The biggest change is in the back, where I slashed and spread the pattern.  I did this to explore the design possibilities of this funny striped cotton.  To wit:





















This revision came to me as I was playing with the yellow versions - I thought, it has an ever so faint whiff of a Balenciaga dress, so let's build on that.  You've all heard of Cristobal Balenciaga, right? The (no longer) living god of couture, active from the 1940's to the early 70's? So many of his designs favoured the high-low look, had a strong back flare, and avoided the natural waistline like the plague:

 

 

Each time I look at these I think his fundamental inspiration was the Italian Rennaissance:



 

Not in the details of course, but certainly in the silhouette he evoked.

My first, yellow, finished version, also had a teensy little bit of that:





...and it had a lot less coverage in the front!  Perfect for those who wish to show off that bellybutton piercing, eh? (really, does anyone still do that?  it seems so passé....)
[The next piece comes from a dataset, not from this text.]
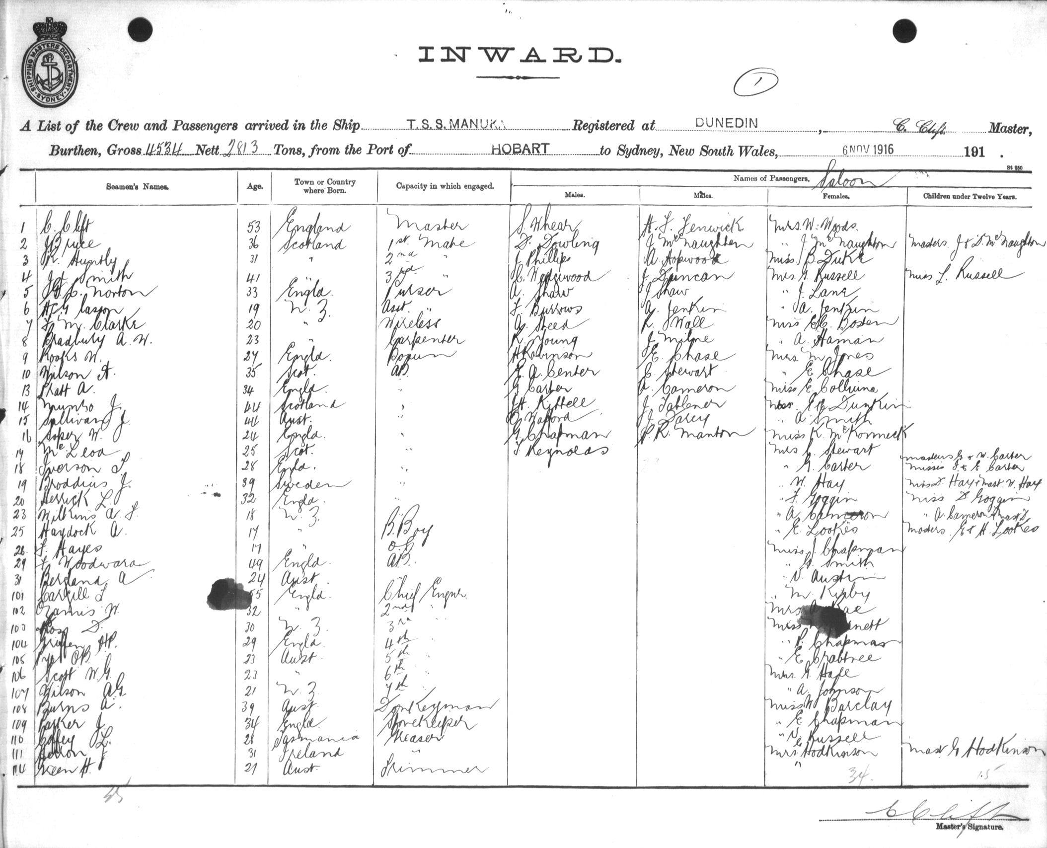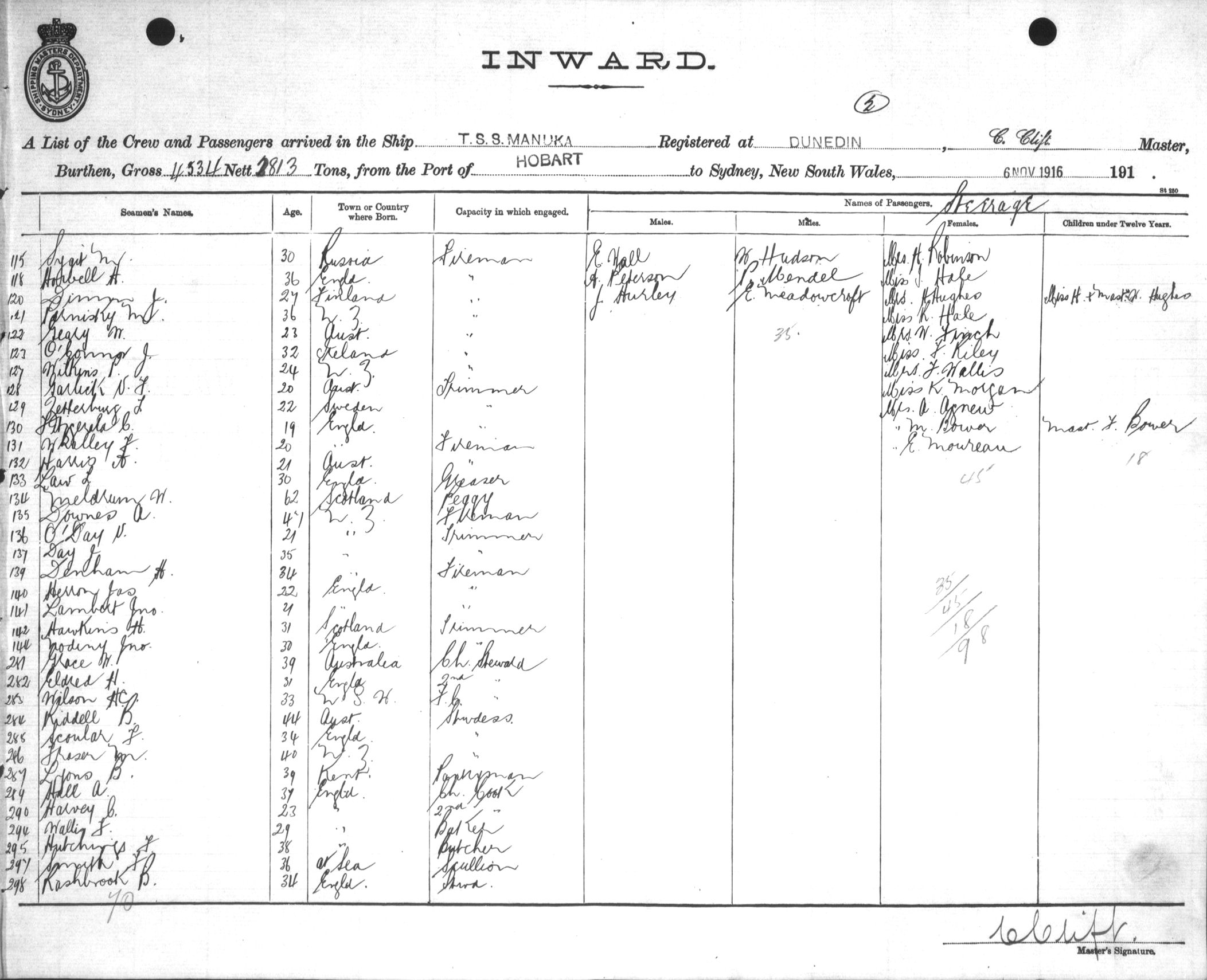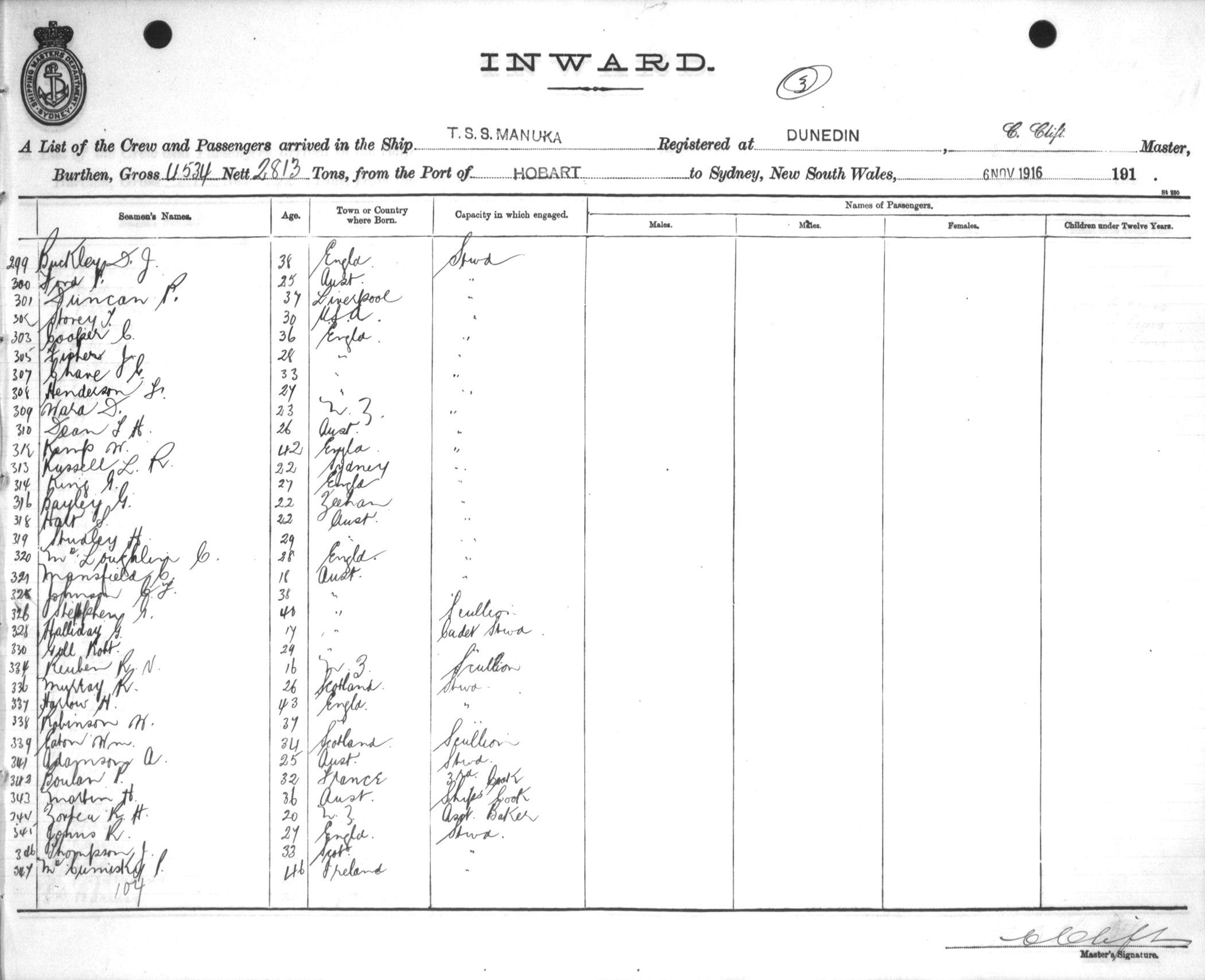 MANUKAOF DUNEDIN, C. CLIFT, MASTER, BURTHEN 4534/2813 TONS FROM THE PORT OF HOBART TO SYDNEY, NEW SOUTH WALES, 6TH NOVEMBER 1916 |

I'm going to leave this subject in highlighting the very many similar versions that strutted the runways last month for Spring 2016:

Look at that:  the bare belly look!
Tunic length with pleated shoulder detail


With a flap pocket

In a boucle or sweater knit

And even in leather, over a maxi.
When I make my wearable version(s), I'm thinking not of leather but a semi-sheer stretch chiffon, to highlight the overlapping and the unusual seaming.  Or a stiffish poly-rayon brocade, to make that back flare stand out and the Renaissance vibe ring out loud.

The last word belongs to Balenciaga after all - here's one of from his very own design house, from a runway show of many, many years ago (I found it a couple of days ago.... go figure: everything old is new again!)

With a  little modesty button at lower CF.